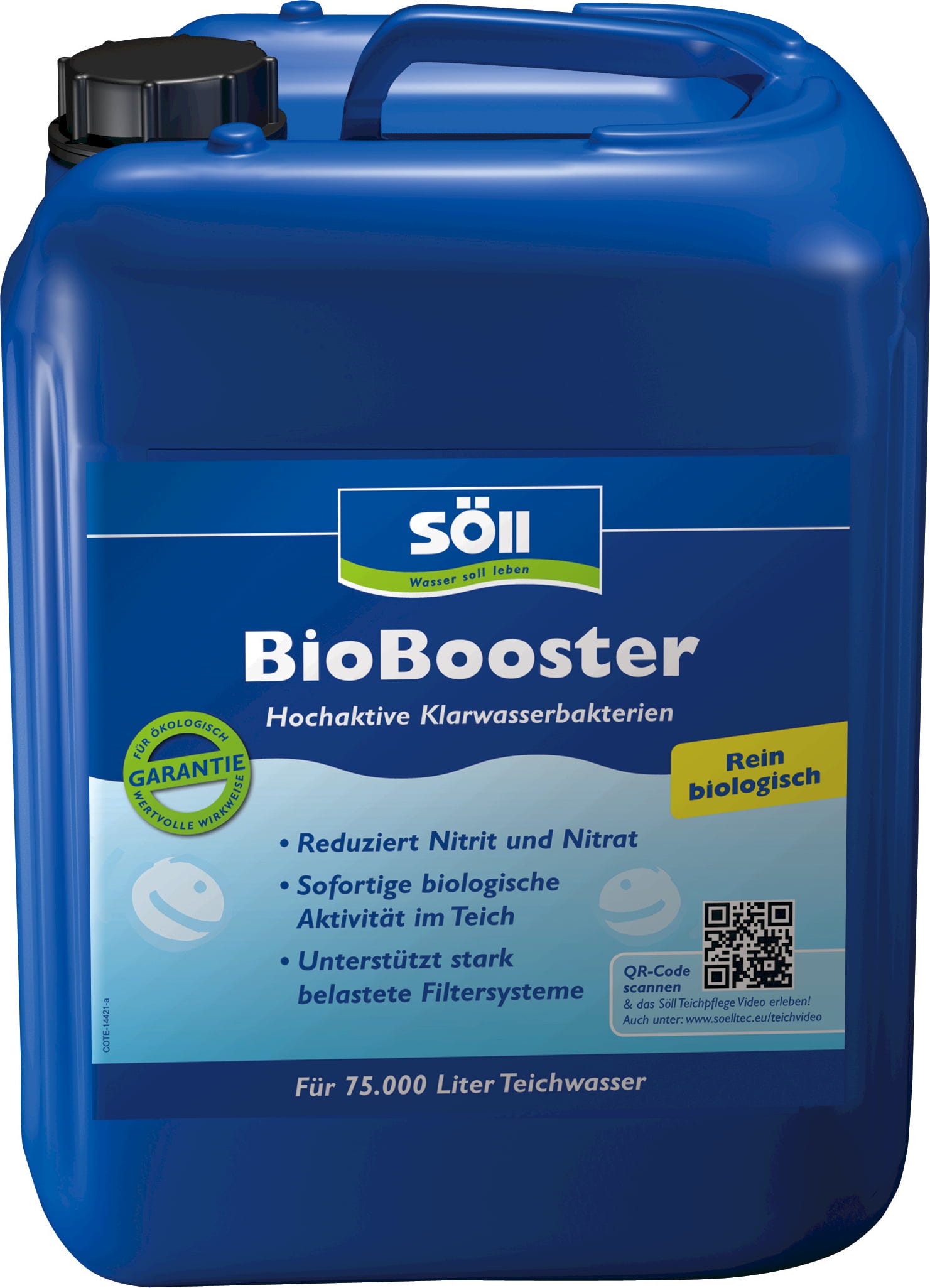 Der BioBooster von Söll ist ein Präparat, das mithilfe von hochswirksamen Bakterienkulturen die biologische Beschaffenheit des Teichwassers rapide stabilisiert. Er baut nicht nur organische Trübstoffe ab, sondern auch anorganische Verbindungen. Auch die Nitrit- und Nitratgehalte im Wasser werden durch ihn nachhaltig gesenkt. Das Produkt ist mit unzähligen Klarwasserbakterien angereichert. Diese verbessern die Wasserqualität spürbar und unterstützen die biologische Selbstreinigung des Teiches.
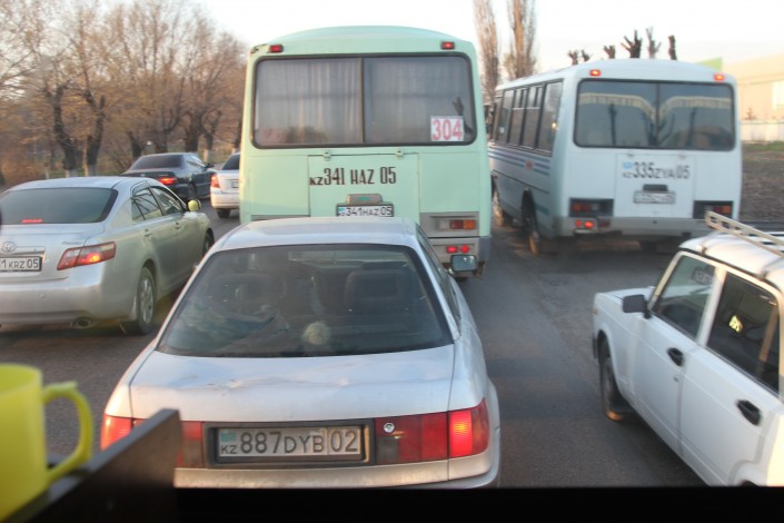Иә, бұл кептеліс. Оның Алматы асып облысқа жеткелі қашан. Бұл көліктердің бәрін ұстап тұрған мына бір теміржол өткелі. Күнде жүретін автобус жүргізушісі пойыз өтетін уақытты жаттап алған. Сағат 07:00-ге дейін өтіп кету керек, ал егер өте алмасаң көлігіңді өшіріп қойсаң да болады. Шлагбаум жарты сағаттан кейін бірақ ашылады екен.
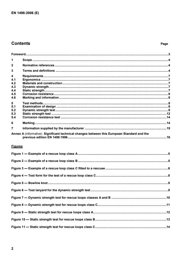 Figures Figure 1 — Example of a rescue loop class A.5 Figure 2 — Example of a rescue loop class B.5 Figure 3 — Example of a rescue loop class C fitted to a rescuee.6 Figure 4 — Test form for the test of a rescue loop class C.8 Figure 5 — Bowline knot.9 Figure 6 — Test lanyard for the dynamic strength test.9 Figure 7 — Dynamic strength test for rescue loops classes A and B.10 Figure 8 — Dynamic strength test for rescue loops class C.11 Figure 9 — Static strength test for rescue loops class A.12 Figure 10 — Static strength test for rescue loops class B.13 Figure 11 — Static strength test for rescue loops class C.14
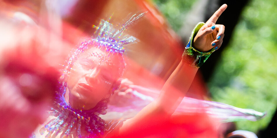 (IMG) Bild: Eine Darstellerin in Aktion beim Karneval der Kulturen 2023
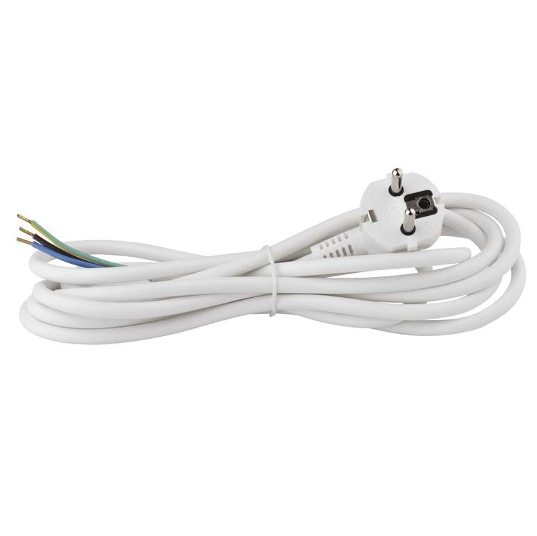Flexo šňůra s neoddělitelnou úhlovou vidlicí s PVC izolací. Flexo šňůra má třížilový pohyblivý přívod. Délka flexo šňůry je 3 m. Barevné provedení flexo šňůry je bílá.
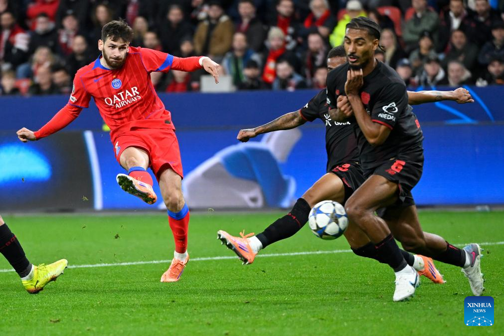 BERLIN, Oct. 21 (Xinhua) -- Paris Saint-Germain showcased its relentless attacking power with a resounding 7-2 victory over Bayer Leverkusen in the UEFA Champions League's league phase on Tuesday.
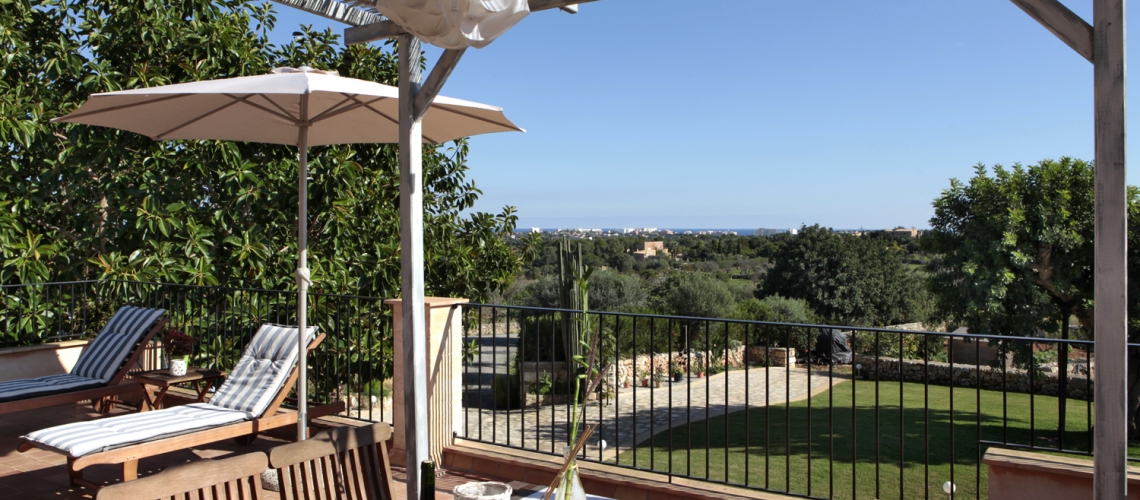 Su característica principal es su enorme terraza con unas privilegiadas vistas al mar y la montaña, simplemente abrir la ventana y observar un maravilloso “ amanecer en Mallorca”. Se encuentra en la primera planta del edificio.

- Work instructions
Reproduce the lines above beginning at the line that contains "Flexo šňůra s" and ending at the line that contains "BERLIN, Oct. 21". No pictures.

- Output for this task
Flexo šňůra s neoddělitelnou úhlovou vidlicí s PVC izolací. Flexo šňůra má třížilový pohyblivý přívod. Délka flexo šňůry je 3 m. Barevné provedení flexo šňůry je bílá.
 BERLIN, Oct. 21 (Xinhua) -- Paris Saint-Germain showcased its relentless attacking power with a resounding 7-2 victory over Bayer Leverkusen in the UEFA Champions League's league phase on Tuesday.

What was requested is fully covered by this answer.